There are actually two types of probate: death probate and disability probate. Most people only associate the term probate to the process associated with your death, but there can be a probate process associated with your disability. If you become disabled, everything in your sole name can be at risk for the probate process. If you have appointed a durable power of attorney in your will that springs into effect upon your disability, you may be protected, but most people have not done this, and even then there are some instances when this does not keep the process from happening. In the disability probate process, you will have to hire an attorney, there may have to be a conservator appointed, and there is the possibility of litigation, especially in the case of blended families.

The probate process that most of us are familiar with is the death probate At a person’s death, any assets in their sole name are frozen and are subject to the probate process, even if there is a will. If you don’t have a will, the state will give you one. There are prescribed rules on how a person’s estate is to be divided if there is no valid will, and it might not be the way you would have wanted it to be divided, so make sure you have a will. One of the reasons for probate is so that any creditors can file a claim with the person’s estate, and the state and federal government are the first in line. The negative aspects most of us associate with probate centers around the issues of time, cost, and the fact that the proceedings become part of the public record.

There are certain things that pass through, or avoid, probate. One of these is assets that are in joint name with rights of survivorship, such as real estate or a joint bank account. Another is life insurance. It usually flows right to the designated beneficiary. But this is one area where it might be advisable to check with a qualified tax professional to see how it affects your estate. Most people consider benefits from a life insurance policy to be tax free, and while it is true that the proceeds are not subject to income tax, that may not be the case with the probate process if it puts you above the exemption level. This is especially true of many couples who purchase term insurance in the one million dollar category.

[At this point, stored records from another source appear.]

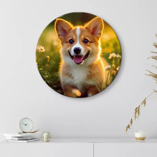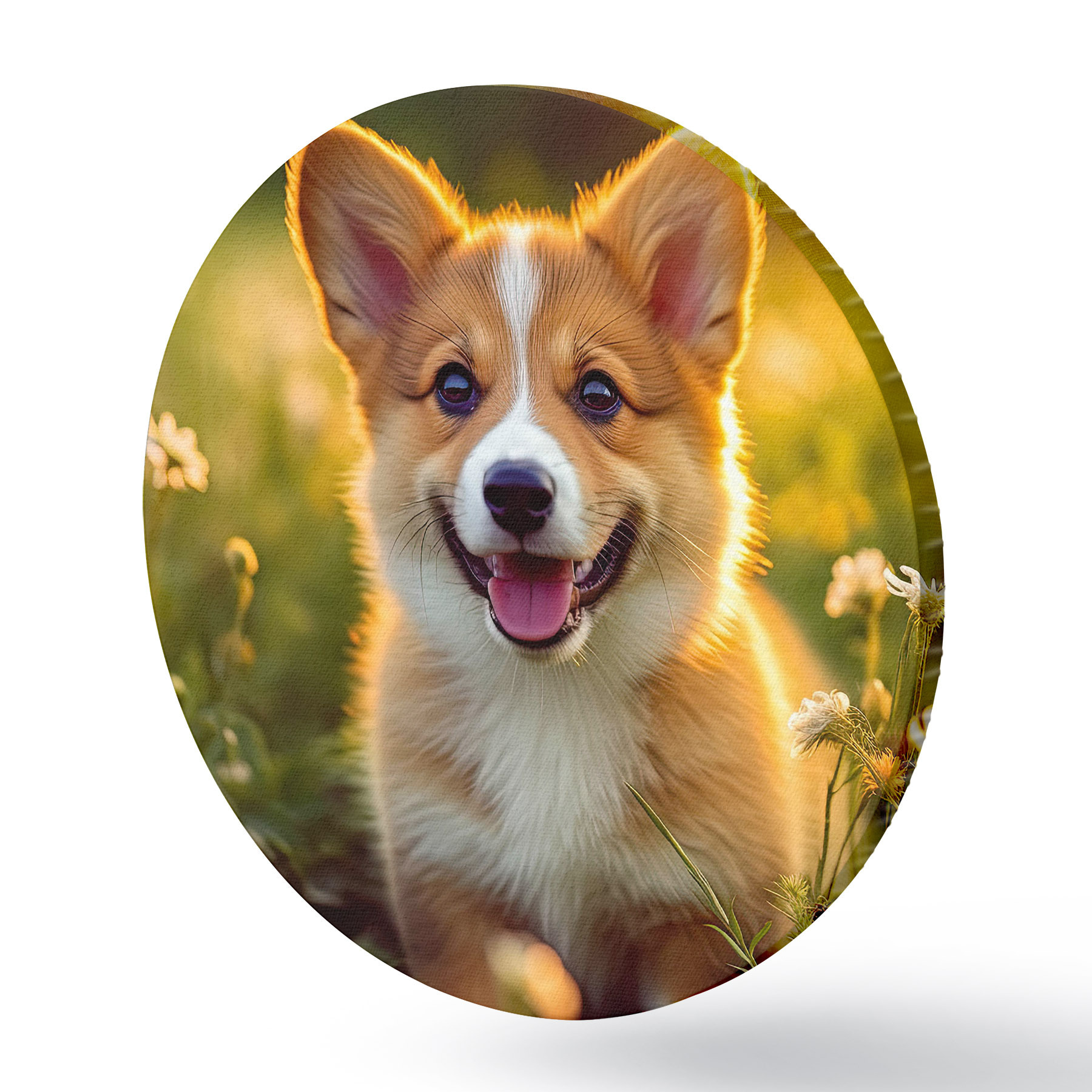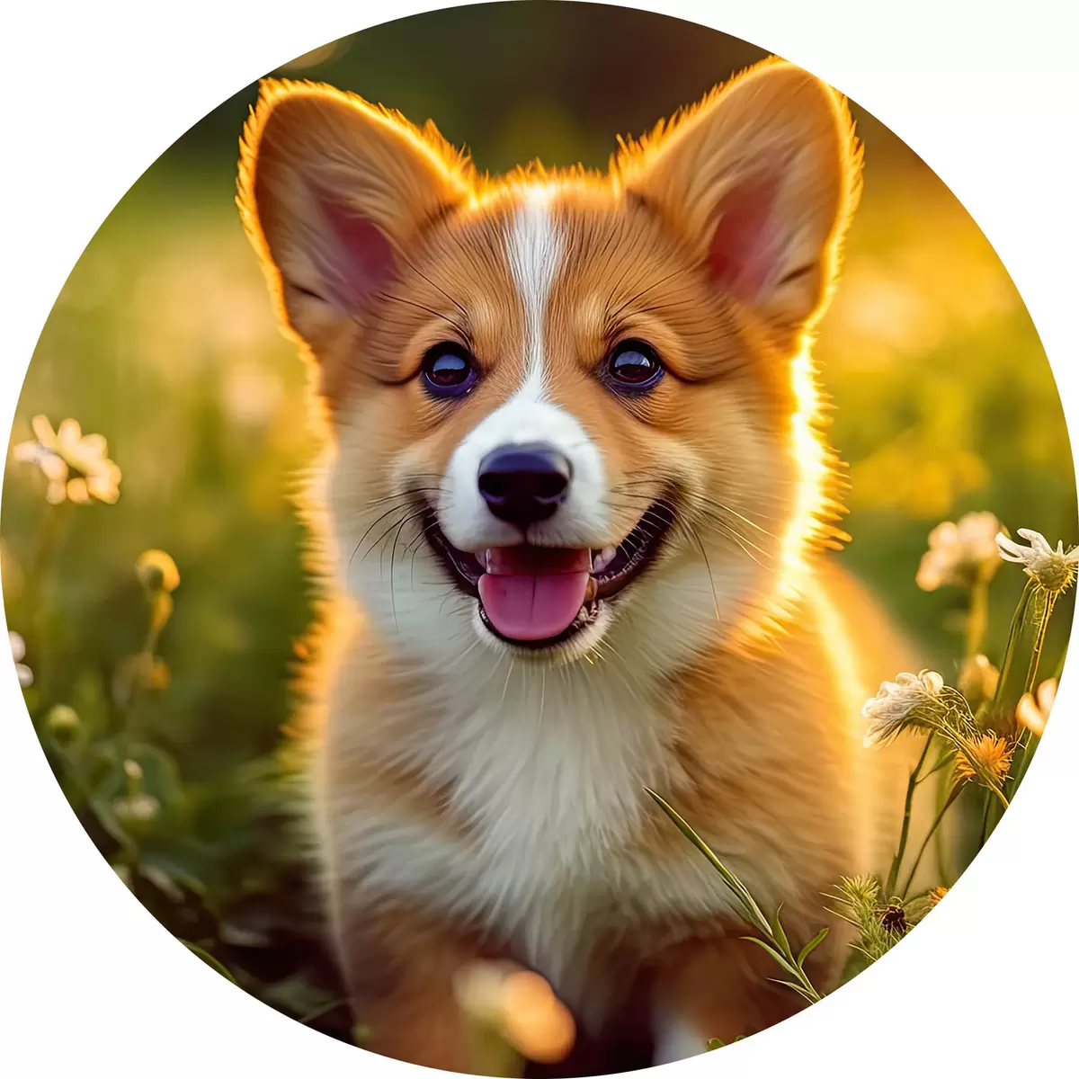 Nuotrauka Korgių veislės šuniukas laukinėse gėlėse Nr r33532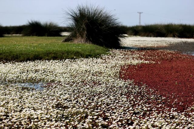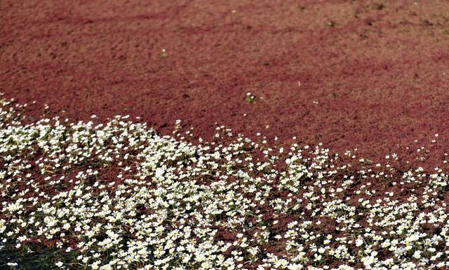 Kızıl rengin hakim olduğu sulak alanlarda beyaz su papatyalarının da açmasıyla güzel görüntüler ortaya çıktı.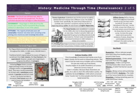 ancient texts of Hippocrates and Galen to explain why people caught diseases. People believed God could send RELIGION – The Church was still dominant. Belief in Thomas Sydenham: Sydenham was the first person to publicly William Harvey: Before Harvey,

If they were to die at the same time, suddenly their estate has a two million dollar value, and this would be above the exemption level. Some of these issues are too complicated to discuss here, and this is the area where a qualified tax professional can assist you in the area of estate planning and living trusts, which will be discussed more fully in a separate section. A proper estate plan will seek to take advantage of existing laws to save every possible dollar of estate and inheritance tax while making sure you retain control over how your assets pass to whom you want and in the manner you prescribe.

One of the ways to avoid probate is to create a revocable living trust. There is an entire industry devoted to these trusts and you can imagine how many different factors can be associated with them, so we can only discuss them in general terms here. Any discussions concerning trusts are not to be taken as legal advice, so be sure to consult a qualified tax professional. We will only seek to discuss these issues in basic terms with the goal of providing you information that will help you make choices in your estate planning.